At about the same time it ran out of money in the working capital account, Harley Marine was plunged into chaos. A unit of Macquarie Group, which owns 47% of Harley Marine, sued Franco, alleging that he "diverted, misappropriated, and/or embezzled" more than $2.6 million from the company, according to the civil suit.
Franco disputed the allegations and countersued. A board vote to relive him of his CEO duties failed in court.
"Industry insiders likened the false allegations to dropping a nuclear bomb on the company," Franco's attorney said in the statement. "Mr. Franco is deeply saddened by Macquarie's actions and their impact on the company which he built over the last three decades."

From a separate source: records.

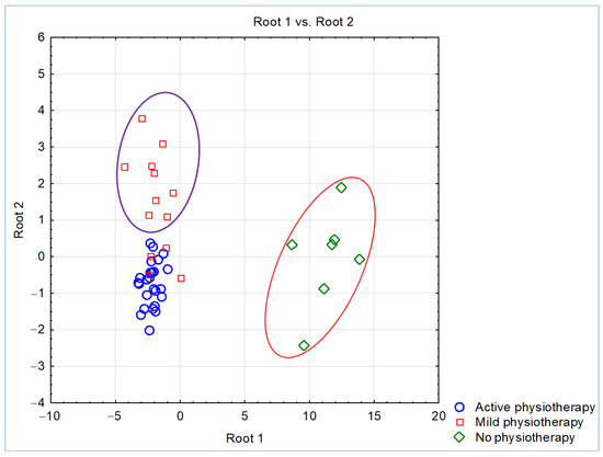 Figure 1 shows the classes by representing the individual scores of the subjects investigated during the main discriminating functions. Scatterplot of canonical scores, expressing clinical and biological variables (independent variable) against the type of physiotherapy performed (grouping variable): mild physiotherapy, active physiotherapy, and no physiotherapy patients.
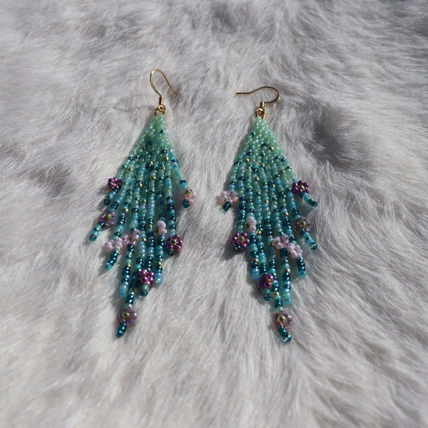 These earrings are made with a mix of size 11 czech, miyuki & toho seed beads. They contain extra strong beading wire tops, nylon fringe bottoms & 22k gold plated (lead free) hooks
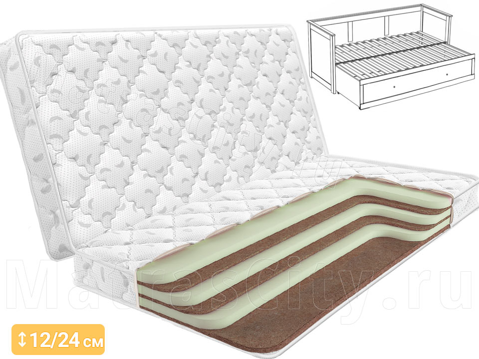 ВНИМАНИЕ: слои матраса располагаются так, что в сложенном положении кровати наверху находится пена и матрас мягче. Когда кровать и матрас разложены, сверху — кокосовая койра и спальное место ощущается более жестким.
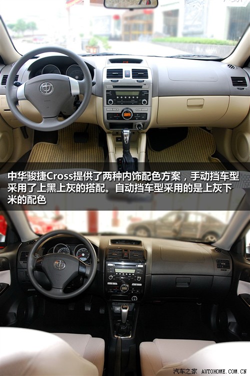 與個(gè)性的外觀相比,駿捷Cross在內(nèi)飾上似乎并沒(méi)有體現(xiàn)出什么特點(diǎn),呈現(xiàn)的一派典型的轎車(chē)化風(fēng)格,做工在自主品牌里面算是比較出色的,而且樣式也絕對(duì)不亞于同價(jià)位的合資車(chē)型,其中手動(dòng)擋車(chē)型采用的是上黑下灰的配色方案,而自動(dòng)擋車(chē)型則為更接近結(jié)局的上灰下米的色彩搭配。
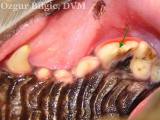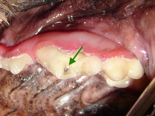 Broken or fractured teeth are very common in dogs and cats. The most common causes of broken teeth are abnormal chewing and biting behaviors (chewing on rocks, cow hooves, animal bones, hard nylon toys, ice cubes, etc), trauma (hit-by-car, falling, etc), and rough play. The most commonly affected teeth are incisors, canine teeth and upper fourth premolar teeth. Common signs of tooth fractures and resultant endodontic disease include drooling more than usual, pawing at face, rubbing face on carpet or eating on the other side of the mouth. Other less common signs are teary eyes, greater tartar buildup on one side of the mouth, a gray or purple discoloration of a tooth, and sneezing.
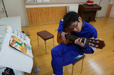 中学1年生は、先週の「琴」に続き、「ギター」の演奏を行いました。左指がなかなか思い通りに動きませんでしたが、先生のアドバイスでいくつかのコードを覚え、少しずつ演奏できるようになりました。チャレンジしている曲はこれまで文化祭等でも歌ってきた「カントリーロード」です。
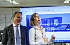 Rektor Johann Roppen og høyere utdanningsminister Iselin Nybø feirer nytt mediebygg ved Høgskulen i Volda.Eira Lie Jor
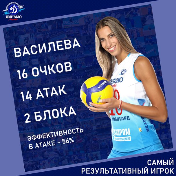 Елица Василава стана най-резултатна за московчанки със 17 точки (3 блока, 58% ефективност в атака, 39% перфектно и 67% позитивно посрещане - +10).
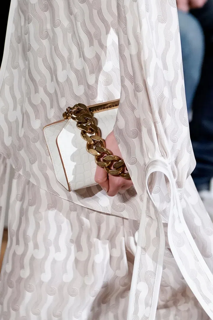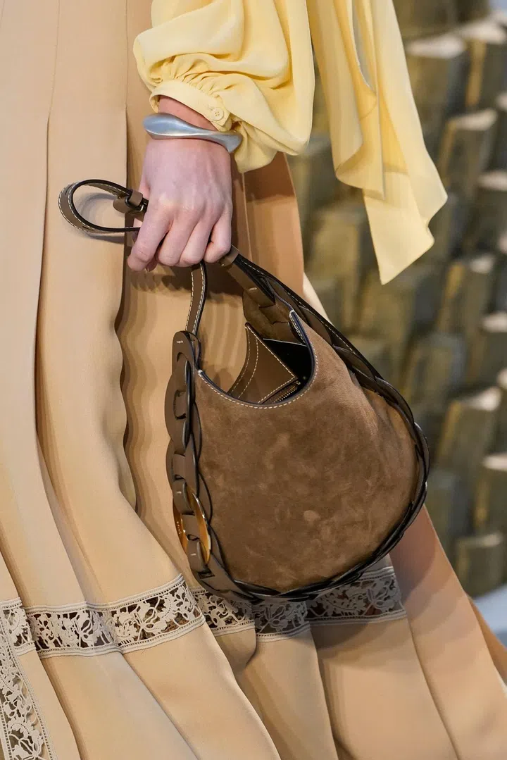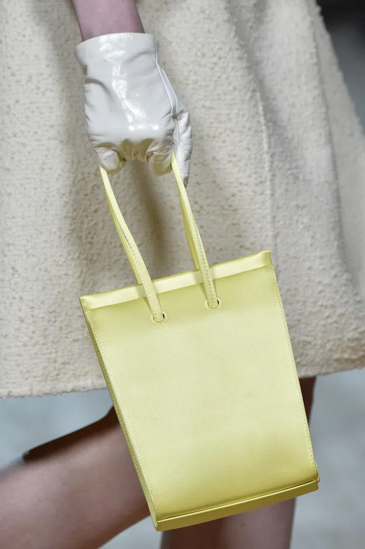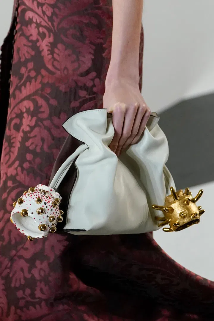Loewe had a collection of clutch bags in neutral coloured supple leather (think: white, brown and black) with sizeable gold-studded, conch shell-esque charms dangling from the end of the drawstrings.
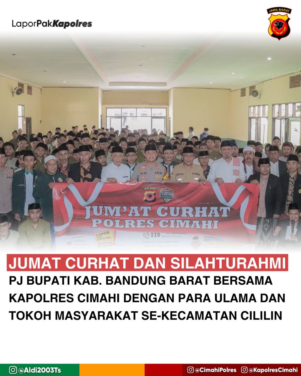 Kapolres Cimahi dalam sambutannya mengatakan bahwa jumat curhat merupakan sarana komunikasi polri dengan warga sehingga polri bisa mengetahui langsung keluhan masyarakat* dan bahwa kegiatan Silaturahmi ini sangat bermanfaat buat pondok pesantren khususnya dan buat masyarakat pada umumnya, karena pondok pesantren yang ada di wilayah Cililin dan KBB pada saat ini ada Bantuan yang namanya Beras Untuk Santri (BUS) Alhamdulilah pada saat ini Polres Cimahi bisa Turut andil dalam memberikan bantuan ini sebanyak 500kg Beras dan 1 Sumur Bor.
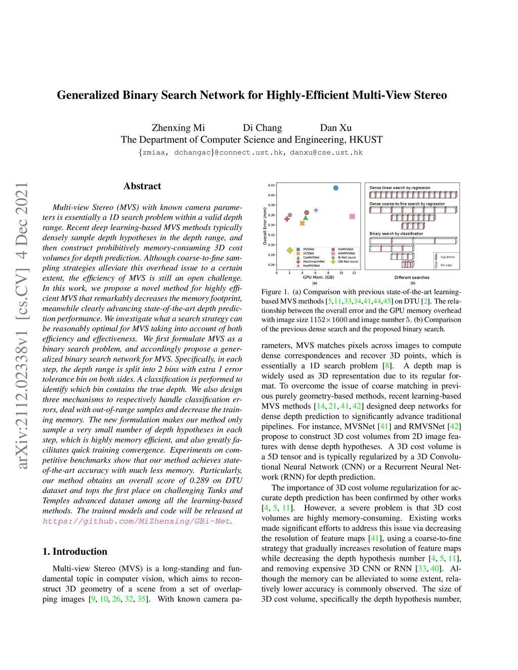 Multi-view Stereo (MVS) with known camera parameters is essentially a 1D search problem within a valid depth range. Recent deep learning-based MVS methods typically densely sample depth hypotheses in the depth range, and then construct prohibitively memory-consuming 3D cost volumes for depth prediction. Although coarse-to-fine sampling strategies alleviate this overhead issue to a certain extent, the efficiency of MVS is still an open challenge. In this work, we propose a novel method for highly efficient MVS that remarkably decreases the memory footprint, meanwhile clearly advancing state-of-the-art depth prediction performance. We investigate what a search strategy can be reasonably optimal for MVS taking into account of both efficiency and effectiveness. We first formulate MVS as a binary search problem, and accordingly propose a generalized binary search network for MVS. Specifically, in each step, the depth range is split into 2 bins with extra 1 error tolerance bin on both sides. A classification is performed to identify which bin contains the true depth. We also design three mechanisms to respectively handle classification errors, deal with out-of-range samples and decrease the training memory. The new formulation makes our method only sample a very small number of depth hypotheses in each step, which is highly memory efficient, and also greatly facilitates quick training convergence. Experiments on competitive benchmarks show that our method achieves state-of-the-art accuracy with much less memory. Particularly, our method obtains an overall score of 0.289 on DTU dataset and tops the first place on challenging Tanks and Temples advanced dataset among all the learning-based methods. The trained models and code will be released at https://github.com/MiZhenxing/GBi-Net.

Macquarie declined to comment.
Last month, Franco finally relented and agreed to give up day-to-day responsibilities, according to Maritime Executive. And with Franco ceding control, Macquarie dropped its lawsuit against the former CEO, according to a person with knowledge of the matter, who added that the firm may pursue future legal action to recover some of the lost money. Matt Godden, the chief operating officer, was named interim president and handed operating control.
Higher yields, higher risks
A ratcheting down of the legal spat hasn't helped the company's underlying financial position. It's now in talks to line up financing to cover operating and capital costs. An initial $10 million loan discussed by Kroll in its October and November reports is apparently still on the table, as are bigger financing options, according to a person with knowledge of the talks. The $10 million is the smallest of those being discussed, the person said.
The additional debt "would likely cause" a breach of the deal's debt caps and may trigger a rapid amortization of the bonds if not fixed within 90 days, according to Kroll. The breach can be waived by the bondholders' representative, Kroll said. Late last month, Pimco won the right to act as that representative, according to January 25 letter from US Bank, the trustee for the deal.
For Pimco and the other investors, losses are possible if they want to sell the bonds in the secondary market, while legal and third-party consultant fees eat into deal proceeds. That's not to mention the opportunity lost on hours spent working out the deal. Investors may get their money back if the company's situation turns around or until the deal matures. In 2043.